Redundant Estimator Network Framework for Reliable Robotics Deployment in Challenging Field Conditions
Robotic locomotion in outdoor environments poses significant challenges due to environmental prediction and depth sensor noise. Researchers at Fudan University propose a Redundant Estimator Network (RENet) framework to tackle these deployment challenges in vision-based motion control. The framework employs a dual-estimator architecture, ensuring robust motion performance while maintaining deployment stability during onboard vision failures.
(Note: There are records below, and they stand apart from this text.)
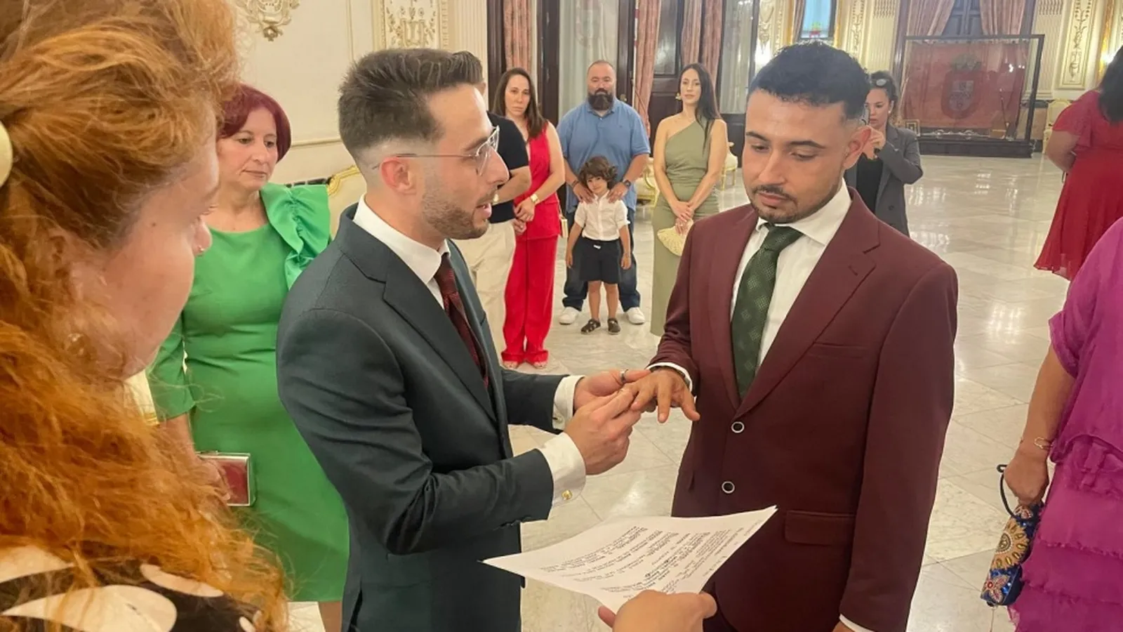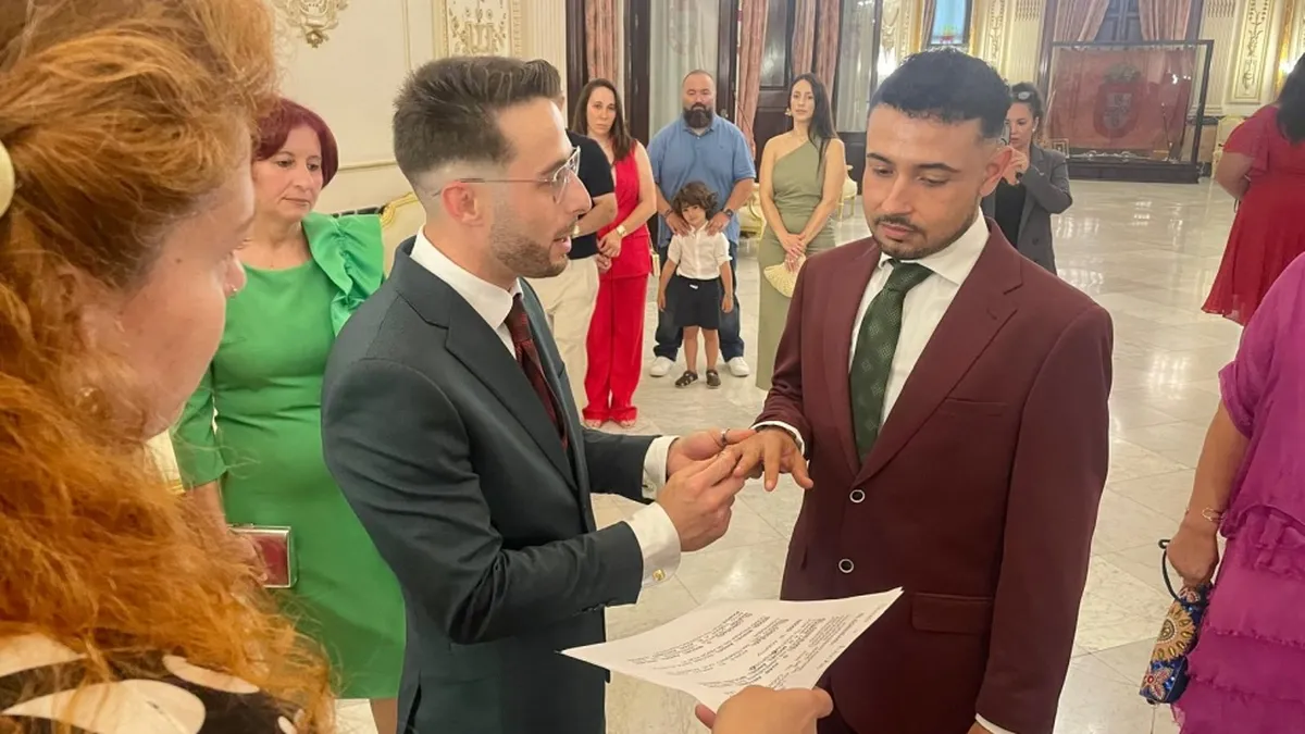 El Salón del Trono del Palacio Autonómico de Ceuta se vistió con sus mejores galas en el primer sábado de este mes de junio para acoger la Boda de Juan Antonio y Miguel. Una ceremonia en la que estuvieron acompañados por familiares y amigos y que fue oficiada por la diputada de la Asamblea por Ceuta Ya! Julia Alejandra Ferreras.
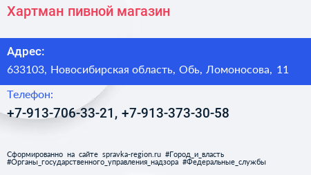 Хартман, пивной магазин по адресу 633103, Новосибирская область, Обь, Ломоносова, 11 в дальнейшем Организация, размещена в следующих категориях:
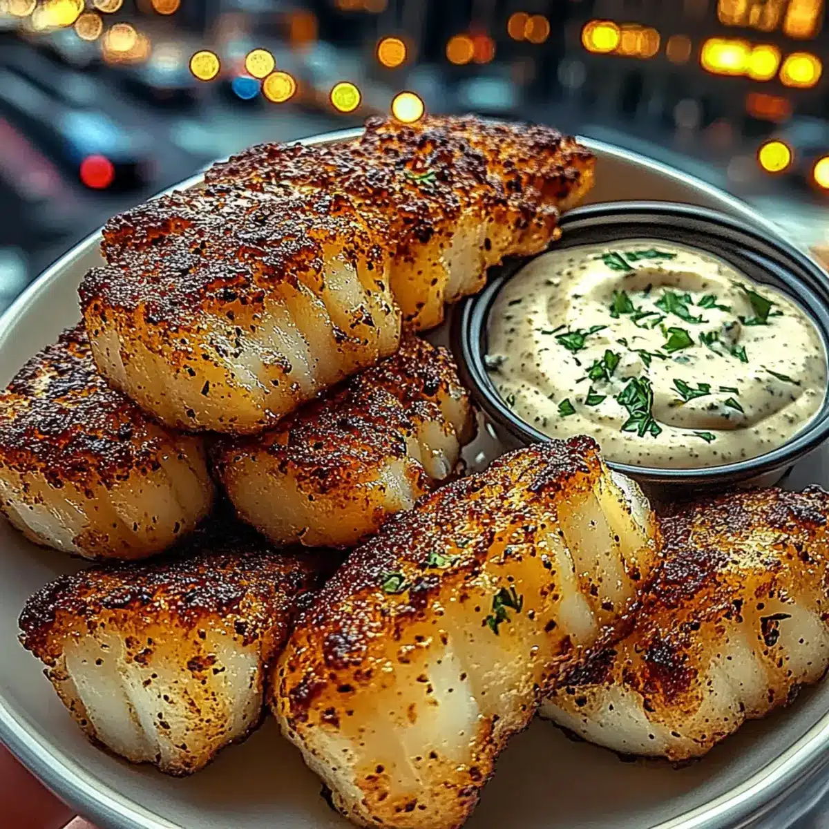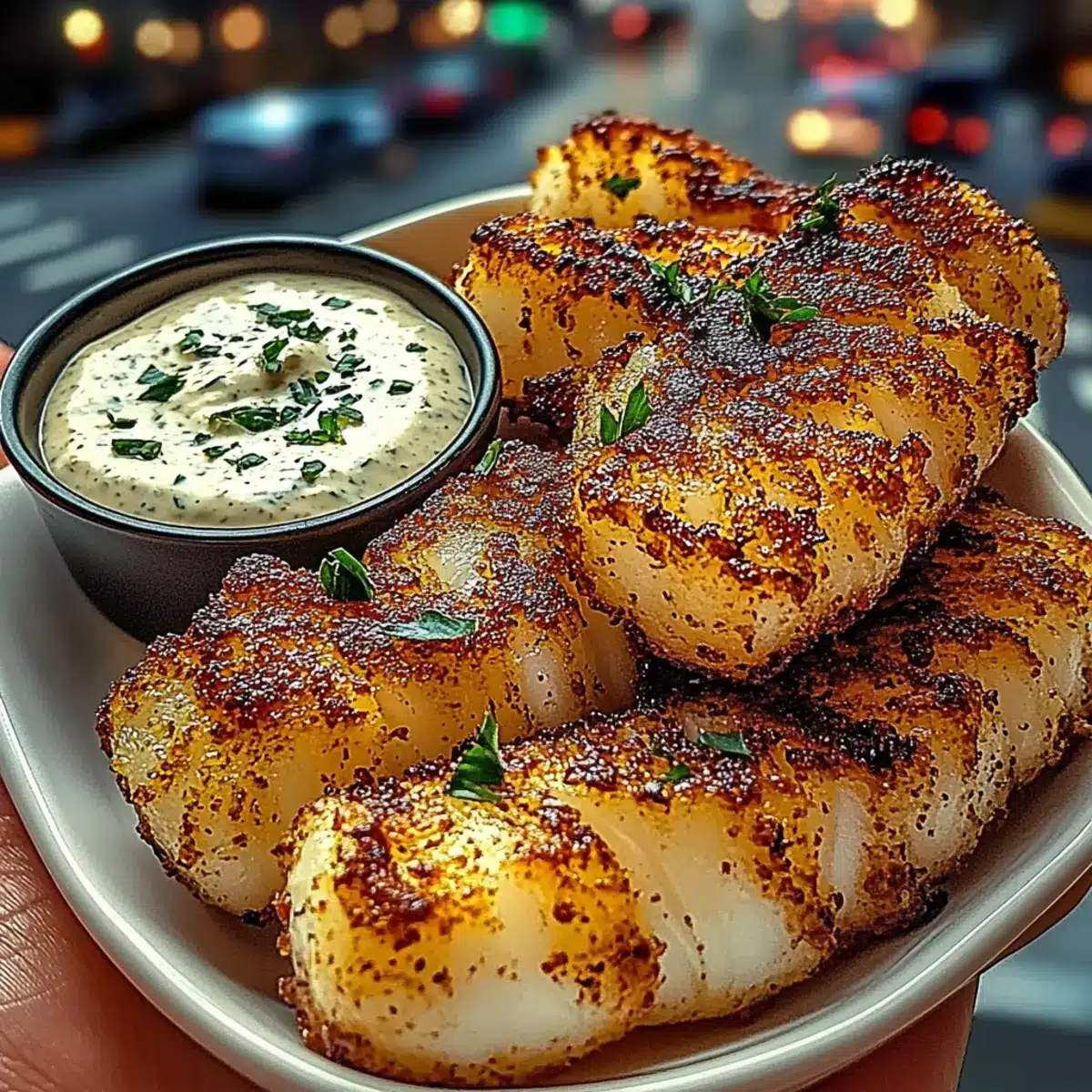 - Serve the warm cod bites alongside the creamy lemon herb dip.
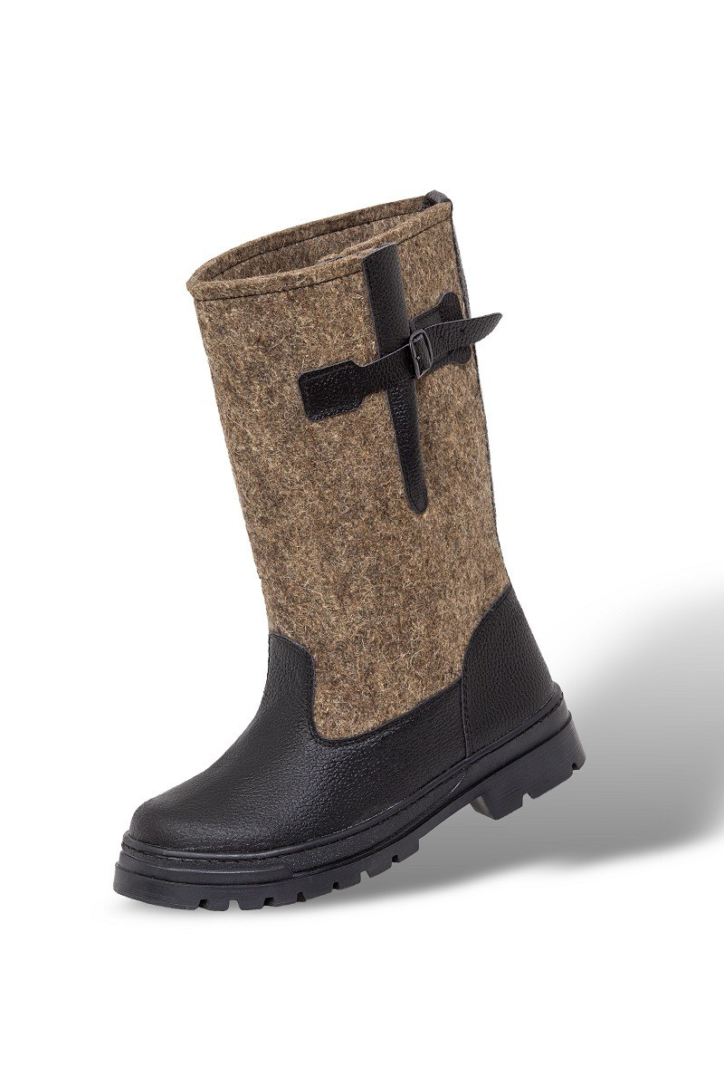 Особенности модели: ремешок для регулировки объема голенища надежно фиксирует сапог на ноге.Верх: комбинированный, союзка выполнена из натуральной кожи (юфть), голенище изготовлено из натуральной шерсти (100% войлок).

Experimental validation on a real-world robot demonstrates the framework's effectiveness in complex outdoor environments, showing particular advantages in scenarios with degraded visual perception.
Key Takeaways:
- The Redundant Estimator Network (RENet) framework is proposed to address deployment challenges in vision-based motion control for quadruped robots.
- The framework employs a dual-estimator architecture, ensuring robust motion performance while maintaining deployment stability during onboard vision failures.
- Experimental validation on a real-world robot demonstrates the framework's effectiveness in complex outdoor environments, showing particular advantages in scenarios with degraded visual perception.
- The framework enables seamless transitions between estimation modules when handling visual perception uncertainties.
- Peng Zhai and his team at Fudan University developed the RENet framework for reliable robotic deployment in challenging field conditions.
- Additional authors for this research include Yueqi Zhang, Quancheng Qian, Taixian Hou, Xiaoyi Wei, Kangmai Hu, and Lihua Zhang.
- The framework's effectiveness is demonstrated through experimental validation on a real-world robot.
- The research aims to provide a practical solution for reliable robotic deployment in challenging field conditions.
Statistics:
- The research proposes a new framework for vision-based motion control, which addresses deployment challenges in outdoor environments (Renet: Fault-tolerant Motion Control for Quadruped Robots Via Redundant Estimator Networks Under Visual Collapse).
- The framework employs a dual-estimator architecture, ensuring robust motion performance while maintaining deployment stability during onboard vision failures (Ieee Robotics and Automation Letters, 2025;10(11):11172-11179).
- Experimental validation on a real-world robot demonstrates the framework's effectiveness in complex outdoor environments, showing particular advantages in scenarios with degraded visual perception (Renet: Fault-tolerant Motion Control for Quadruped Robots Via Redundant Estimator Networks Under Visual Collapse).
- The framework's effectiveness is demonstrated through experimental validation on a real-world robot, with results published in Ieee Robotics and Automation Letters (Renet: Fault-tolerant Motion Control for Quadruped Robots Via Redundant Estimator Networks Under Visual Collapse).
- The research aims to provide a practical solution for reliable robotic deployment in challenging field conditions, targeting scenarios with degraded visual perception.
Sources:
- Renet: Fault-tolerant Motion Control for Quadruped Robots Via Redundant Estimator Networks Under Visual Collapse. Ieee Robotics and Automation Letters, 2025;10(11):11172-11179.
- Ieee-inst Electrical Electronics Engineers Inc, 445 Hoes Lane, Piscataway, NJ 08855-4141, USA.
- Peng Zhai, Fudan University, Coll Intelligent Robot & Adv Mfg, Shanghai 200437, People's Republic of China.
- Yueqi Zhang, Quancheng Qian, Taixian Hou, Xiaoyi Wei, Kangmai Hu, and Lihua Zhang.